Please copy out the entries below exactly, beginning with the line that contains "en tu guantera." and ending with the line that contains "This card is", and include nothing outside that span.

SUPPLIED INFORMATION section start

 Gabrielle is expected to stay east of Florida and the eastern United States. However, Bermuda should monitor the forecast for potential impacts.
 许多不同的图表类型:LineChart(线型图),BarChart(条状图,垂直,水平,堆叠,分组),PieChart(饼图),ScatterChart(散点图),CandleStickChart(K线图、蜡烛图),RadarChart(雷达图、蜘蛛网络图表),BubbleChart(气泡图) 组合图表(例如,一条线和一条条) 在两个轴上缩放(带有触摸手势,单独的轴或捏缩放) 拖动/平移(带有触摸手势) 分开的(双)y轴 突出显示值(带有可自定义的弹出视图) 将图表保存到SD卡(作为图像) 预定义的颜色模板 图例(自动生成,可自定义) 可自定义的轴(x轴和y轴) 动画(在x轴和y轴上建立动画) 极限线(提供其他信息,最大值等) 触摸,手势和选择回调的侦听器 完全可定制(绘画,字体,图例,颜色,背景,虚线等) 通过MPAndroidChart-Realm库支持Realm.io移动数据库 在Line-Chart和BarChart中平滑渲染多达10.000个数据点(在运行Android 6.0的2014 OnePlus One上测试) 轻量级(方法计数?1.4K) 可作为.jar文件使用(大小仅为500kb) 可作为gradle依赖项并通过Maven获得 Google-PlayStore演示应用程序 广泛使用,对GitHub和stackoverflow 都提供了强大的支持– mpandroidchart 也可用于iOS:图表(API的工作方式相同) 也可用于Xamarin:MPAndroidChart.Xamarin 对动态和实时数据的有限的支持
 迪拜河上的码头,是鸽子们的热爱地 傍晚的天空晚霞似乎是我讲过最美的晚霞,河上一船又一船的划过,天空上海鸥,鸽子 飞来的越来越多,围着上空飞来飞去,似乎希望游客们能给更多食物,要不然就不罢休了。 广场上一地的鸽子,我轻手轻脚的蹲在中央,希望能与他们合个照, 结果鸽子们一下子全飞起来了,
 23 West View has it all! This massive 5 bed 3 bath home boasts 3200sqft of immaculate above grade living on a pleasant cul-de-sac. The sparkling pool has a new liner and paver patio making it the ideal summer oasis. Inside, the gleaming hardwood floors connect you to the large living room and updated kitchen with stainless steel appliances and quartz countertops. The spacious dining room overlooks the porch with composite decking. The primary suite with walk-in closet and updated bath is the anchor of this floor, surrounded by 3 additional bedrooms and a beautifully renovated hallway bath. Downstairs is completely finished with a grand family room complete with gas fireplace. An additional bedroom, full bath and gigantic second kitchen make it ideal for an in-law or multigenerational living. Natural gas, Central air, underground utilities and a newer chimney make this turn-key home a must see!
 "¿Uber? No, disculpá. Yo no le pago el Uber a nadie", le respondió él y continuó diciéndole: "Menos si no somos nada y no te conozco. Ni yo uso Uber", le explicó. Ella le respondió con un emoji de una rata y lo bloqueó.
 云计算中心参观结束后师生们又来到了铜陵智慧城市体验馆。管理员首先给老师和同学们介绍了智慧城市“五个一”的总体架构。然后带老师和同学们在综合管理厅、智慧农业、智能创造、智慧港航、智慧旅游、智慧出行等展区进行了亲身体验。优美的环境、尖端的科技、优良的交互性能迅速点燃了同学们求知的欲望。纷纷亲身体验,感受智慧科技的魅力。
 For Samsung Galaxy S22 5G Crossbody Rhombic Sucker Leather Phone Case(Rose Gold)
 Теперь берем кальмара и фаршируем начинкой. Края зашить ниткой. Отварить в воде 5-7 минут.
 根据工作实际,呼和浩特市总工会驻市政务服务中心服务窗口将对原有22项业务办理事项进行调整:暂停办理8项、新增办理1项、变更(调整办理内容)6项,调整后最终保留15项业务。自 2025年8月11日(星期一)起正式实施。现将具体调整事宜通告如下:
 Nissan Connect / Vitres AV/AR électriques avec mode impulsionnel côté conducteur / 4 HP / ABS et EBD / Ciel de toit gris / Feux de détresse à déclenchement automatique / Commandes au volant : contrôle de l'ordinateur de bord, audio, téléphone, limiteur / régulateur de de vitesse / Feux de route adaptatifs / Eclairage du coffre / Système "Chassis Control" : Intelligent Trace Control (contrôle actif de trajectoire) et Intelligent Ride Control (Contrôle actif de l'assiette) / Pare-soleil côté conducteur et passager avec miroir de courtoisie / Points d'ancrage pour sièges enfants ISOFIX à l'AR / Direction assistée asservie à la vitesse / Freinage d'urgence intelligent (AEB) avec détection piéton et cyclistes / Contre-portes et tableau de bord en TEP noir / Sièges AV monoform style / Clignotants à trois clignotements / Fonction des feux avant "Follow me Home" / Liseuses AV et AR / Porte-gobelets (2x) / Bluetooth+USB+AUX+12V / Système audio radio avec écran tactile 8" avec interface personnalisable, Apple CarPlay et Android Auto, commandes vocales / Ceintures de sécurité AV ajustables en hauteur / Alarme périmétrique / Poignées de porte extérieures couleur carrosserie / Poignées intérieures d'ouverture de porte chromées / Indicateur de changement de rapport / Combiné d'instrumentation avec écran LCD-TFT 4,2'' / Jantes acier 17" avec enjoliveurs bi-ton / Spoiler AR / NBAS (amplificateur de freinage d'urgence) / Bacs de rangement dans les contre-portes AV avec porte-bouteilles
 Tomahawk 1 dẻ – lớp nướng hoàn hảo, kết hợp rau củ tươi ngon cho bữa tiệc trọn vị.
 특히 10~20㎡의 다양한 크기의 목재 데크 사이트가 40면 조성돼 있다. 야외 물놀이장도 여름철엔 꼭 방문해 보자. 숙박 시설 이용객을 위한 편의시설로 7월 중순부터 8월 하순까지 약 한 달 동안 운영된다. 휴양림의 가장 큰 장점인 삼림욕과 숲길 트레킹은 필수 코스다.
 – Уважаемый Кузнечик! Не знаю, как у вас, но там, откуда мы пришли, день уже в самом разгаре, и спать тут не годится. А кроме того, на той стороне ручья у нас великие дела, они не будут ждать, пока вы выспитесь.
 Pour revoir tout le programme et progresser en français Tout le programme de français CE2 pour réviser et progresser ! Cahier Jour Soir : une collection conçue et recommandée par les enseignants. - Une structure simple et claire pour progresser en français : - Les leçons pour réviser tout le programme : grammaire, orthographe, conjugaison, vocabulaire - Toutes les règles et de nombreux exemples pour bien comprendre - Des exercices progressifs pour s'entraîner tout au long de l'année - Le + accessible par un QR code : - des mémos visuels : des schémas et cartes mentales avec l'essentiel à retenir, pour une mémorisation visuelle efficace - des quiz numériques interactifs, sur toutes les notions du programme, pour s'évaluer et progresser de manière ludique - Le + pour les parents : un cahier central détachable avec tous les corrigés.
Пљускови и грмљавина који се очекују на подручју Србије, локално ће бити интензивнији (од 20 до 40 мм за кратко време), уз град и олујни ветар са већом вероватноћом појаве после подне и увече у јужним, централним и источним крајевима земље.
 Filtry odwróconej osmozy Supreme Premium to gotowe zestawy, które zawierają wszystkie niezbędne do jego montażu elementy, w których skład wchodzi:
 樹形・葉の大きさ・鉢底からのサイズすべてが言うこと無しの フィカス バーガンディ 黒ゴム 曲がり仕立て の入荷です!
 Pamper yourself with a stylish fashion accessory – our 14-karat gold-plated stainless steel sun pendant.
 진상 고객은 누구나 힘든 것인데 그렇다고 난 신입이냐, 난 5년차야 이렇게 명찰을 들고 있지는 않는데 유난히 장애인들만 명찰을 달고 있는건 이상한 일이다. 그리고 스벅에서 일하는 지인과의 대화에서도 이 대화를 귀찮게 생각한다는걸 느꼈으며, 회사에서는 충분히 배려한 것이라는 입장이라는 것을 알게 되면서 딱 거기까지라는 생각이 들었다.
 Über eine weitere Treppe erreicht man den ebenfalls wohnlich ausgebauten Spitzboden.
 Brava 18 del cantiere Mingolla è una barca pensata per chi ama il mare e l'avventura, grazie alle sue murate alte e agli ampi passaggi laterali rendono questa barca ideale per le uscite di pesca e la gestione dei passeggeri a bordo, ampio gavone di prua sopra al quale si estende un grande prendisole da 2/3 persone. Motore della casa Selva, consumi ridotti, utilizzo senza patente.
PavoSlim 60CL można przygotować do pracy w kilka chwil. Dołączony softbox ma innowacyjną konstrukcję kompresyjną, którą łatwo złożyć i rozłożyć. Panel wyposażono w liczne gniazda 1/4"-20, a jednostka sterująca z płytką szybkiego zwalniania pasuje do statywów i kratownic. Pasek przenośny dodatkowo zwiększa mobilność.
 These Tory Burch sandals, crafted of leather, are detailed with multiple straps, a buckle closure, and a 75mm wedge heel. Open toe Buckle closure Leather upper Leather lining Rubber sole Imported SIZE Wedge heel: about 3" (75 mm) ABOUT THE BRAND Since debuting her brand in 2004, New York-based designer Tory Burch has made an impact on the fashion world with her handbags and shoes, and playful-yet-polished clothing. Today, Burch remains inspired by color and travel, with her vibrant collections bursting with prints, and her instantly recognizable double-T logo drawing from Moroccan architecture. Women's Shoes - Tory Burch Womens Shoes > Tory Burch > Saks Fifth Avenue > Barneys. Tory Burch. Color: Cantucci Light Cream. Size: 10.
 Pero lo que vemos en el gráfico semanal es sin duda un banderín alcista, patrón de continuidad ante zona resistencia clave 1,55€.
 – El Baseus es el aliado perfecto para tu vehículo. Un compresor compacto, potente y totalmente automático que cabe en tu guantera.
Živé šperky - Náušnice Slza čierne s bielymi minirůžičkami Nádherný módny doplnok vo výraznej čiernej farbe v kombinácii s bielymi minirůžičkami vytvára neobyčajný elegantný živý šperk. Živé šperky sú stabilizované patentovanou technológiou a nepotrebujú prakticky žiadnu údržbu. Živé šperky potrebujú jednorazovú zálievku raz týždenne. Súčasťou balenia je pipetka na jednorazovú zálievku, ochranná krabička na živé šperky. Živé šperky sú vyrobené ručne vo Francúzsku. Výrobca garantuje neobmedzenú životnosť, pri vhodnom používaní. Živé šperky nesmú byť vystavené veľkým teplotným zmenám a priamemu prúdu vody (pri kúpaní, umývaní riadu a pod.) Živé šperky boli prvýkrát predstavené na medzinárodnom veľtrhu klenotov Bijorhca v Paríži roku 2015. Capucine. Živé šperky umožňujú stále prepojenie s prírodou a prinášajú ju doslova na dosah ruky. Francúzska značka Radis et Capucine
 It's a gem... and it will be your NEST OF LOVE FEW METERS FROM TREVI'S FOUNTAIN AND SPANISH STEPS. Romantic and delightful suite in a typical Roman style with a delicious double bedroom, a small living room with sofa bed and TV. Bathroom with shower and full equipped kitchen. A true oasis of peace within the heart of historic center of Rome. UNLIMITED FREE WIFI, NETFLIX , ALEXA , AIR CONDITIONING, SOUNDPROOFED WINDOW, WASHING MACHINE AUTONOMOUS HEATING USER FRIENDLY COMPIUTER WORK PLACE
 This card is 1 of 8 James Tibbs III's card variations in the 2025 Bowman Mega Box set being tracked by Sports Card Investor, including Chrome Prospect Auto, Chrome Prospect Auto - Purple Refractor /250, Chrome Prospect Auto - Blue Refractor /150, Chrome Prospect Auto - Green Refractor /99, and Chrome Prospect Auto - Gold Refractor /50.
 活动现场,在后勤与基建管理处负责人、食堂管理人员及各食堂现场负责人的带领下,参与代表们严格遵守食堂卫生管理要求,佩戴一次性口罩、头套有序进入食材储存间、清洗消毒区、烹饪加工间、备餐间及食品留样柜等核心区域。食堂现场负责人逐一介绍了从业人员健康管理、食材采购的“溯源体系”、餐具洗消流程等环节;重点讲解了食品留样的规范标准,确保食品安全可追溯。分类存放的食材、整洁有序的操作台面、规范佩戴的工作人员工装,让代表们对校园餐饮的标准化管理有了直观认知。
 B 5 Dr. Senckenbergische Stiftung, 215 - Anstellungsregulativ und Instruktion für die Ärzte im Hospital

SUPPLIED INFORMATION section end

TASK RESPONSE:
 – El Baseus es el aliado perfecto para tu vehículo. Un compresor compacto, potente y totalmente automático que cabe en tu guantera.
Živé šperky - Náušnice Slza čierne s bielymi minirůžičkami Nádherný módny doplnok vo výraznej čiernej farbe v kombinácii s bielymi minirůžičkami vytvára neobyčajný elegantný živý šperk. Živé šperky sú stabilizované patentovanou technológiou a nepotrebujú prakticky žiadnu údržbu. Živé šperky potrebujú jednorazovú zálievku raz týždenne. Súčasťou balenia je pipetka na jednorazovú zálievku, ochranná krabička na živé šperky. Živé šperky sú vyrobené ručne vo Francúzsku. Výrobca garantuje neobmedzenú životnosť, pri vhodnom používaní. Živé šperky nesmú byť vystavené veľkým teplotným zmenám a priamemu prúdu vody (pri kúpaní, umývaní riadu a pod.) Živé šperky boli prvýkrát predstavené na medzinárodnom veľtrhu klenotov Bijorhca v Paríži roku 2015. Capucine. Živé šperky umožňujú stále prepojenie s prírodou a prinášajú ju doslova na dosah ruky. Francúzska značka Radis et Capucine
 It's a gem... and it will be your NEST OF LOVE FEW METERS FROM TREVI'S FOUNTAIN AND SPANISH STEPS. Romantic and delightful suite in a typical Roman style with a delicious double bedroom, a small living room with sofa bed and TV. Bathroom with shower and full equipped kitchen. A true oasis of peace within the heart of historic center of Rome. UNLIMITED FREE WIFI, NETFLIX , ALEXA , AIR CONDITIONING, SOUNDPROOFED WINDOW, WASHING MACHINE AUTONOMOUS HEATING USER FRIENDLY COMPIUTER WORK PLACE
 This card is 1 of 8 James Tibbs III's card variations in the 2025 Bowman Mega Box set being tracked by Sports Card Investor, including Chrome Prospect Auto, Chrome Prospect Auto - Purple Refractor /250, Chrome Prospect Auto - Blue Refractor /150, Chrome Prospect Auto - Green Refractor /99, and Chrome Prospect Auto - Gold Refractor /50.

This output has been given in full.